ENTRIES SHOWN ::
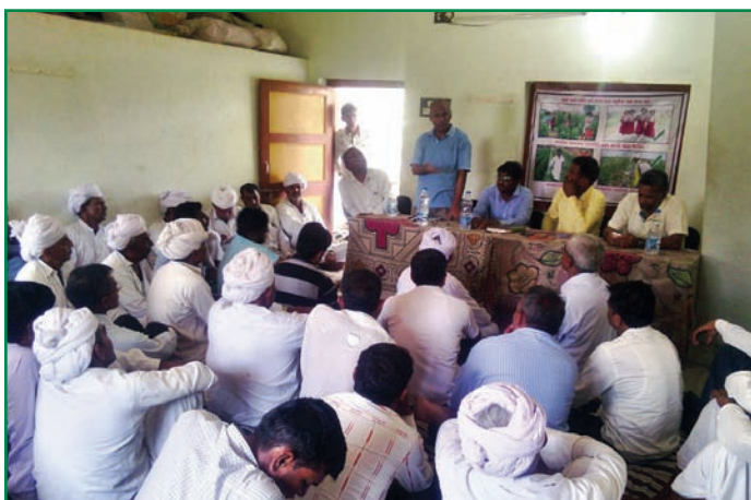
Facilitate discussions with farmers to bring out issues
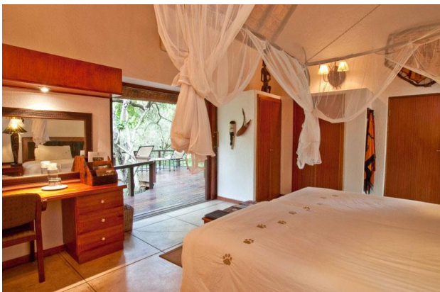
One of only Five Monwana Suites

Monwana (BBLD) Access is from Hoedspruit
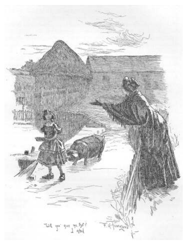
"Well lass," replied a voice within, "give it her if she's a beggar. T' pig doesn't want it."

The girl emptied the stiffened mould into my hand, and I devoured it ravenously.
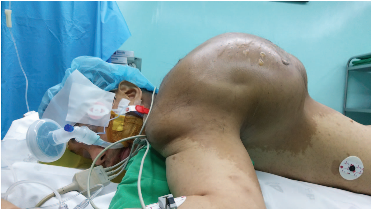
Figure 4. The patient placed in a prone position for hematoma removal.

endotracheal intubation. Before instigating the position, the head should be oriented neutrally (no lateral bending or rotation of the head). A supine position permits both a neutral head orientation and a sniffing head position. Regrettably, the present patient was in LDP because he could not be placed in a supine position due to pain derived from an upper back mass. Thus, a pad was placed below the dependent side of the head to orient the head in a neutral position and then achieve a sniffing position. However, an LMA was inserted instead of an endotracheal tube because only a sniffing position does not guarantee successful endotracheal intubation.
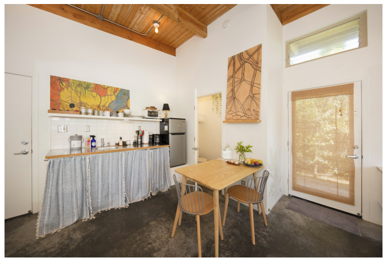
Photo 19 of 30 The Ohana wet bar and 1/4 bathroom. Through the door to

PROBLEM :: Work through the data above line by line and give the number of lines in which "Monwana" occurs. Add nothing else.

EXERCISE SOLUTION :: 2